I keep my cool. That’s what I do, it’s who I am, why I was called from my normal circuit to this small town where brain and wit are supposed to be dull and malleable in my hand.

“Yeah, I’ve heard of you. Is that a surprise?” I ask.

“Yes and no. I’ve only worked at Rotund On The Boardwalk for three months. Only been in Ohio for four. I don’t talk to anyone but the girls here and barely them. No one knows me. You’re from out of town.”

“Can I light this back here?” I ask the bodyguard who gives a stiff nod. Subject change is the desire and it works.

“You’re on the clock, I’m not dancing on you while you smoke. Not burning myself.” She dismounts, sits beside me on the loveseat.

“Money is no object to me,” I say.

“It never is for patrons here. Why do you need an escort? You don’t seem the type.”

“What type needs to pay for a beautiful woman on their arm?”

“The kind that lack magnetism. Looks are never a part of it, strangely. I’ve accompanied men even more handsome than you. But they lack substance, the thing that draws in women that look like me.”

“High on yourself?”

“Realistic. You interested or not? Now that you know there’s no fucking involved.”

“I’m interested. I do have some demands of a non-sexual nature.”

“Shoot.”

“Will you cross state lines?”

“For the right price and first-class travel,” she answers.

“Of course. I have a shindig to attend in Madison. You know Madison, Wisconsin?”

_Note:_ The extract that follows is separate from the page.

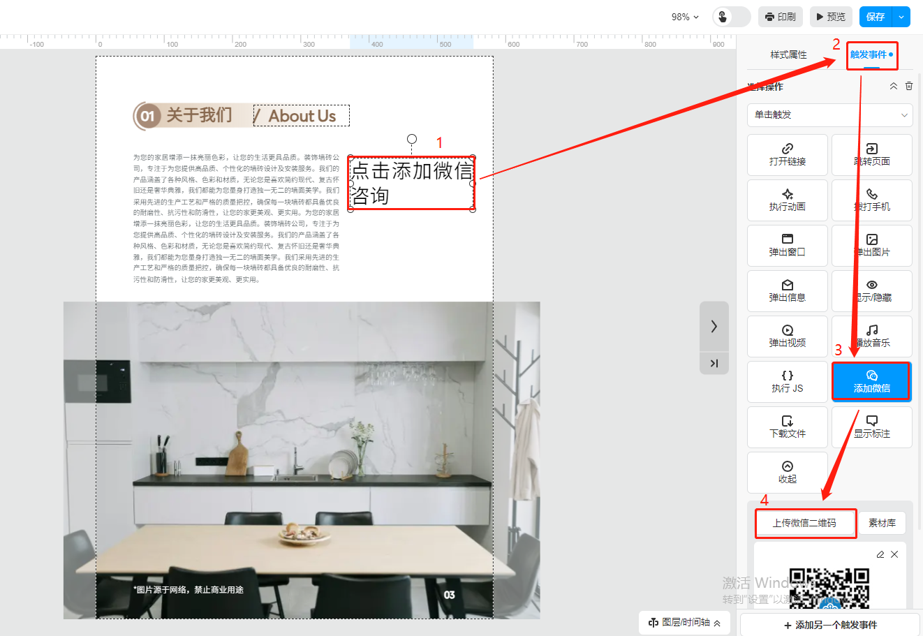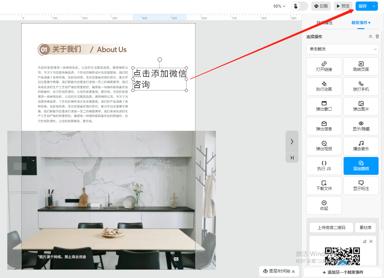 选中需要弹出微信二维码的文字或者图片,点击右上角的【触发事件】,选择【添加微信】,然后点击【上传微信二维码】上传微信二维码图片。

“I don’t know the Midwest. I have a grandmother in Columbus that I don’t speak to. The Midwest is a mystery to me. It’s so even keeled here it’s unpleasant,” she says.

“I want you to accompany me to Madison. All expenses paid. Separate hotel rooms. A beautiful dress draped across the bed in the suite when you enter it. Jewelry on a velvet pillow on the dresser.”

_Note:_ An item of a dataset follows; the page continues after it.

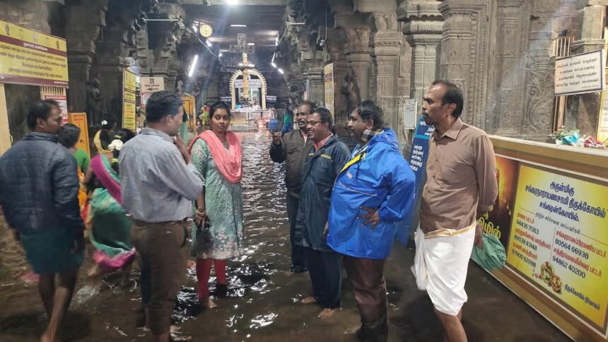 சங்கரன்கோவிலில் நேற்று முன்தினம் இரவு முதல் பெய்த கனமழையால் சங்கரன்கோவில் சங்கரநாராயண சுவாமி திருக்கோயிலில் மழைநீர் சூழ்ந்ததால் பக்தர்கள் மிகுந்த சிரமத்திற்கு உள்ளாகினர்

“A knife in the back when my guard is down?”

“No, I assure you.” I wait for a smile that will prove her ignorance. When it comes I relax.

I await the end of her shift in the back of a black stretch limousine. I smoke a Cuban cigar and listen to Chopin. I calm my breaths and prepare for more banter. A bouncer is right behind her when she emerges from the club. She is dressed like the college student she once was, leggings, knee high brown leather boots, a cashmere sweater and a colorful scarf around her neck. She hugs the bouncer goodbye.

“So you smoke cigars, the good ones,” she says once she is settled across from me. She looks different, her face has a fresh scrubbed look that I wasn’t prepared for, and something goes loose inside me. I think of my purpose here and I accept it while I loathe the man who has sent me to this purpose, to this test I am on the brink of failing.

“I like cigars. You like them?” I hold the case out to her and she runs her hands along them.

“I prefer joints.” She produces one from behind her ear, tightly rolled. I light it for her and she smokes and gazes out of the window. “You sure you don’t mind running by my apartment first?”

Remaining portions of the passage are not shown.